_Your assignment_: What is needed is an exact copy of the lines from the start of the records below through the line with "Rubino 4.8 (14)", without the pictures.

Stored data entries

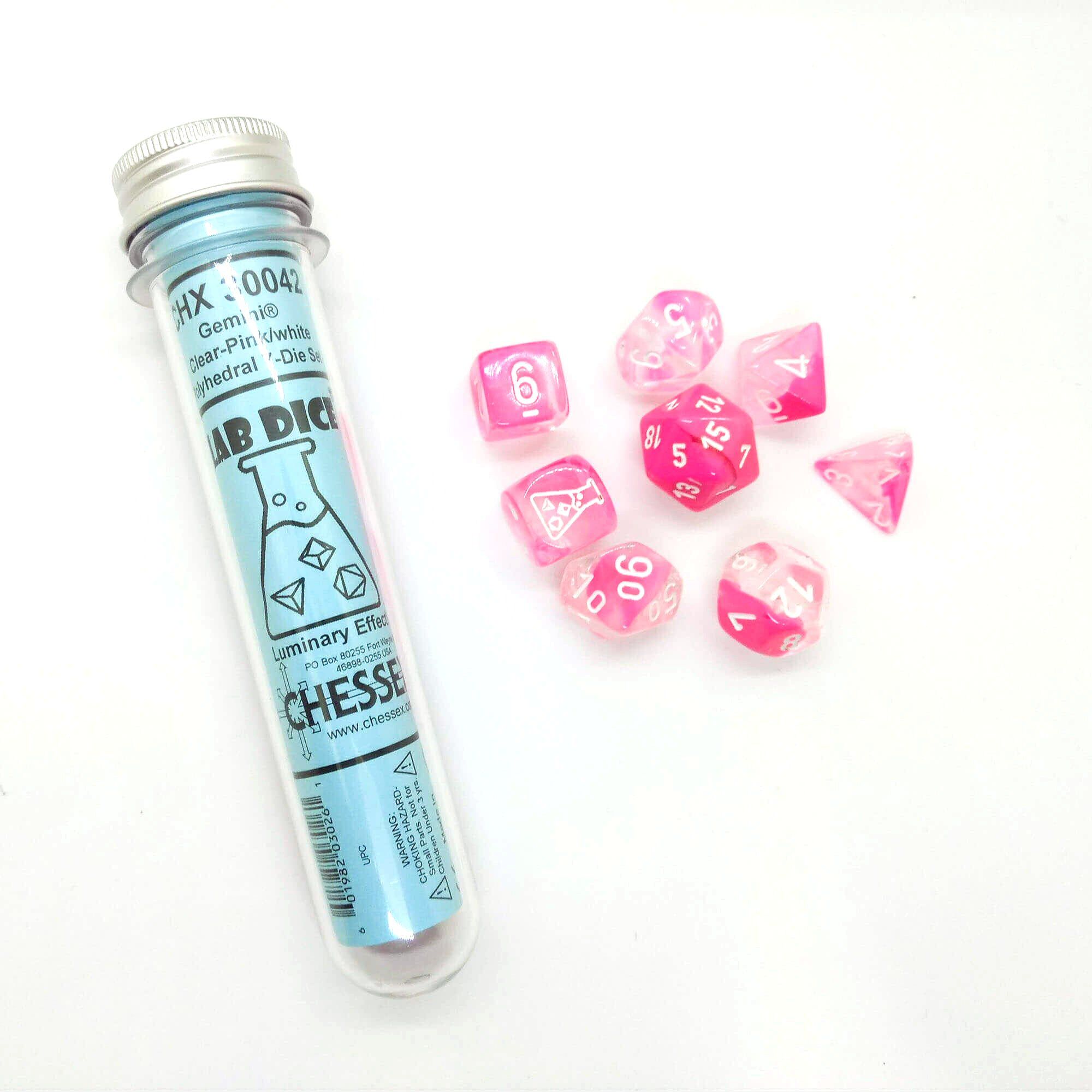 Dés en boite Lab Gemini Clear-Pink w/white
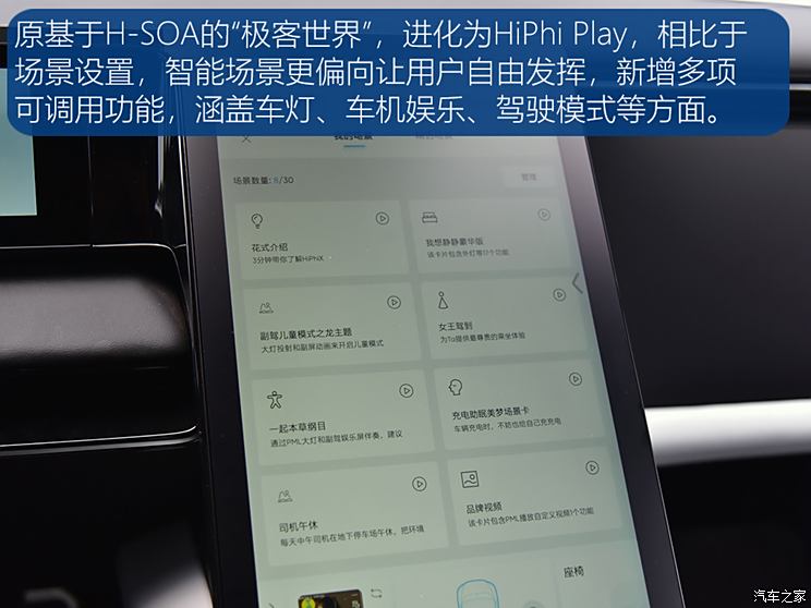 而智能场景则更偏向功能体验,同样,高合这次也让用户深度参与其中,车主可以通过App自己设置一些智能场景使用,同时还支持分享给其他用户,可以说是既做到了实用,也兼顾了一些社交的属性。
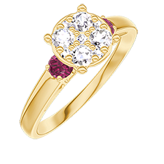« L'ATELIER » Nº210841Anello Oro giallo 18 carati - Cluster di diamanti naturali Rotonda equivalente 1 - Pietre laterali Rubino 4.8 (14)
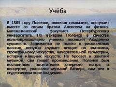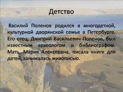 Посмотреть и скачать бесплатно презентацию по теме "Василий Дмитриевич Поленов", состоящую из 22 слайдов. Размер файла 1.82 Мб. Средняя оценка: 3.5 балла из 5. Каталог презентаций, школьных уроков, студентов, а также для детей и их родителей.
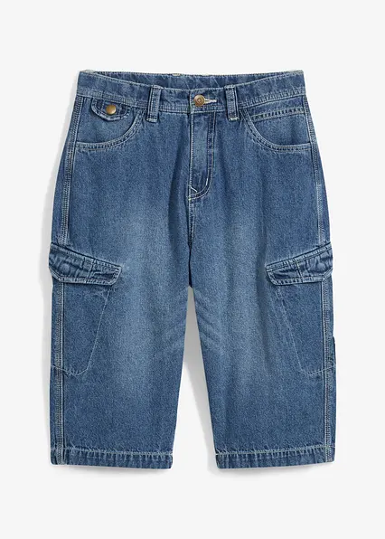 Jeans-Cargobermuda mit verstellbarem Bund, Loose Fit
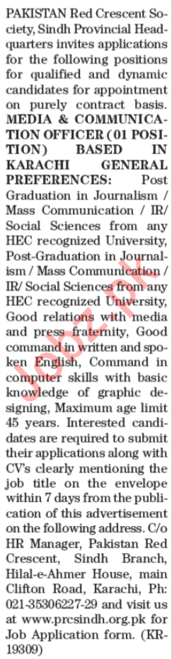 Latest Pakistan Red Crescent Society PRCS IT Posts Karachi 2025
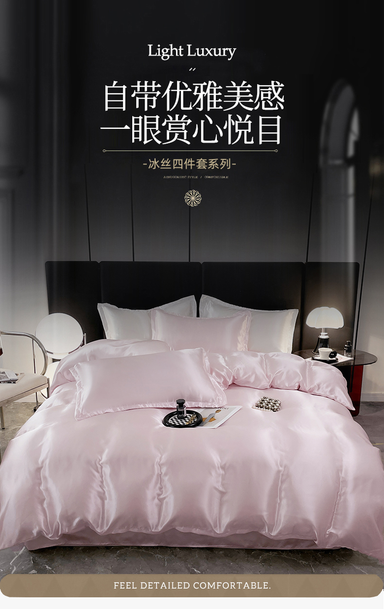 当前位置: 91家纺网 > 商品网购 > 床品套件 > 四件套 > 其它四件套 > 梦舒羽 2025新款可水洗冰丝被套床单枕套夏季四件套 淡雅玉
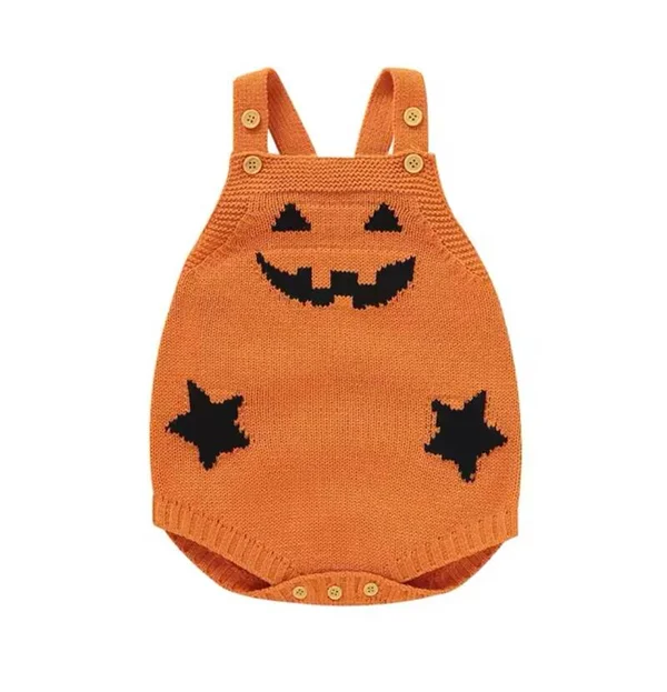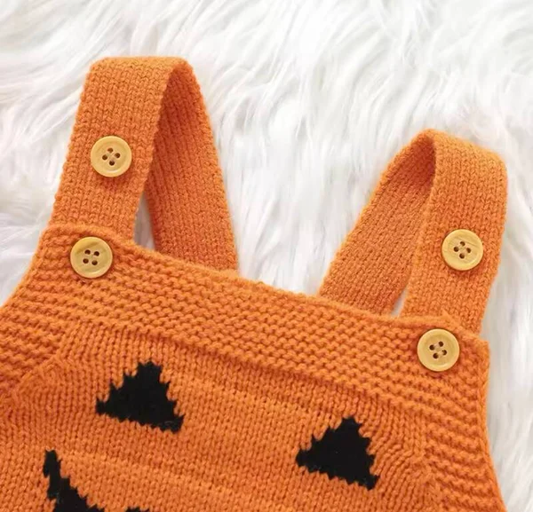 The Romper Baby Pumpkin Knitted Sweatshirt is a cozy, pumpkin-themed sweater made from soft knit fabric, perfect for babies.
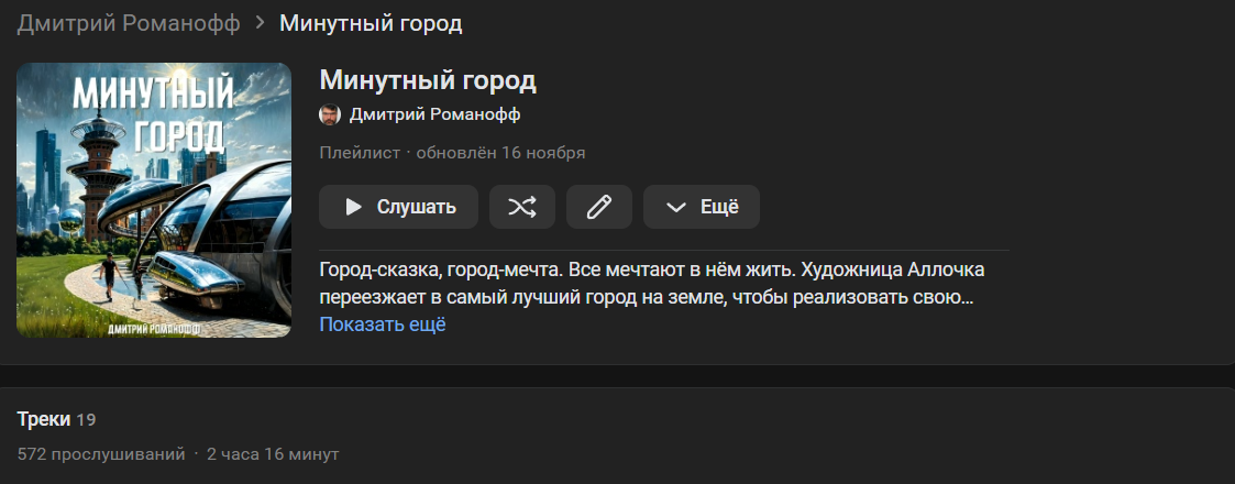 Автор: Дмитрий РоманоффДрузья, не секрет что двинуть нестандартную и креативную литературу очень сложно. На продвижение книги "Минутный город" было потрачено огромное количество усилий в ВК и тут. А результат очень слабенький. Множество людей обещали оставить отзыв или написать рецензию и пропадали... Может быть, они становились счастливыми после прочтения и им было уже не до книги? Гм, возможно... Очень рад за них, если честно!

_Response_:
 Dés en boite Lab Gemini Clear-Pink w/white
 而智能场景则更偏向功能体验,同样,高合这次也让用户深度参与其中,车主可以通过App自己设置一些智能场景使用,同时还支持分享给其他用户,可以说是既做到了实用,也兼顾了一些社交的属性。
« L'ATELIER » Nº210841Anello Oro giallo 18 carati - Cluster di diamanti naturali Rotonda equivalente 1 - Pietre laterali Rubino 4.8 (14)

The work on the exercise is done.